In this study we tried to systematically assess properties of CpG islands that are found far from transcription start sites of protein coding genes. About 43% of all CGIs belong to this class. Our study of CGIs which overlap with exons demonstrates that stabilizing selection protects CpG pairs located in CGIs from substitutions which do not affect the encoded amino acid sequence. We observed that many CGIs that are found far from TSS overlap with CAGE tags and thus participate in transcription; furthermore, highly CAGE-enriched CGIs are bound by transcription regulatory factor Sp1 with remarkably high significance. Although function of CGIs is still disputed, there is growing evidence that CGIs located near gene starts participate in transcription regulation [15, 17, 35]. Our finding allowed us to suggest that many CGIs that are found far from the start of any known protein coding gene are also participate in transcription.
As we have demonstrated, many such CGIs often overlap with exons, particularly the terminal gene exons. Many CGIs are located within a gene but far downstream from TSS (see Table 3). The aggregated number of genes with CGIs near their 3' end is estimated at 5 - 10%. Interestingly, it was observed recently  that some genes in human T-cells have an uncommon methylation pattern with a decreased methylation level observed near both gene termini.
We have detected many intergenic CGIs (see Table 3). It is known that UCSC browser table Knowngenes contains only highly verified genes, and excludes some genes with low justification scores. Based on our analysis, some CGIs considered in this study as intergenic may be related to these yet unverified genes.
The selection directed to maintain CGI sequence properties is not strong enough to overcome a strong selection at protein level applied to non-synonymous substitutions. The non-synonymous substitution rate differs only weakly for codons overlapping and non-overlapping with CGIs. However, the d N /d S ratio for CpG containing codons not overlapping with CGIs is much smaller than for codons overlapping with CGIs. This fact indicates that in this case selection at the protein level needs to be stronger to counterbalance the higher mutation rate.
The evolutionary distance between human and mouse is rather large, with the approximate sequence divergence for these species close to 0.5 substitutions for a neutrally evolving site . This value agrees very well with the d S values observed for codons that do not contain CpG. However, d S values for CpG containing codons are about twice as large as those for other codons. This is much less than the approximate ten-fold increase of mutation rate . The possible explanation may come from the effect suggested by Kondrashov et. al. . The idea is that hypermutable CpG dinucleotides  at neutral and pseudoneutral sites are likely to be destroyed by mutations and unlikely to be found in the alignment of human and mouse [41–43]. Those CpG dinucleotides that remain aligned in human and mouse genomes are likely to be stabilized by selection pressure of a different nature. Thus, even CpG dinucleotides that do not overlap with CpG islands at synonymous positions may be stabilized with some selection of yet unknown type. Interestingly, Bock et al  who specifically identified CGIs related to chromatin epigenetic state observed that about 90% of such islands overlapped with highly conserved DNA elements, including at least 20% of CGIs that did not overlap with TSS.

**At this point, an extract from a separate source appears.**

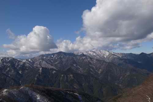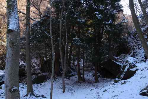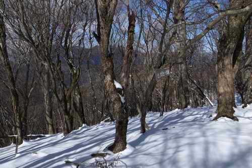 不動尻には雪はないが、その上の小尾根の日の当たらないところには残っている。

Although CGI overlap with disproportionally large number of CAGE tags (about a half of total CAGE tags are found within CGIs) many intragenic, intergenic, and gene terminal CGIs overlap with a small number of CAGE tags or with no CAGE tags at all. However, we believe, that FANTOM database can have some functional transcription starts missing.
Second, CAGE tags found in FANTOM database are obtained only in a number of tissues. CGIs located in 5' gene regions are usually found at starts of broadly expressed housekeeping genes . Transcripts from TSS tagged in 3' regions of known genes could be tissue specific. Since the number of tissues studied is limited, the number of tagged TSS should be less than that in 5' gene regions.
The suggested role of non-5' CGIs in transcription initiation agrees with the excessive Sp1 binding in CGIs. The observation that Sp1 binding sites are often present in CGIs is not new . It is noteworthy that CGIs enriched with CAGE tags contain more high-scoring Sp1 recognition motifs (Figure 5). Abundant Sp1 binding in gene 3' or intergenic regions was observed in genome-wide site location experiments , which reported that 36% of the clusters of Sp1, Myc and p53 binding sites lie within or immediately 3' to well-characterized genes. Authors of  assumed that in these cases, non-coding RNA transcription may be initiated.
Recent studies of the mouse genome  demonstrated that a large number of ncRNA are initiated in the 3' regions of the genes, with specific enrichment at the 3' terminus of the final exon. There are published reports which show that sometimes long ncRNA are synthesized to open large chromatin segments for subsequent transcription initiation [45, 46]. On the other hand a substantial number of these ncRNAs are complementary to known genes as anti-sense strands, which has led to the suggestion of an additional mechanism of gene silencing by natural antisense interference . The authors of  also observed that sense-antisense pairing was almost universally associated with candidate imprinted loci. As genetic imprinting is frequently associated with an altered methylation status of CpG islands [48, 49], CGIs located in 3' gene regions [23, 47] or intragenic CGIs [21, 22] may play an important role in this process by regulation of gene expression via inducing antisense-based gene interference.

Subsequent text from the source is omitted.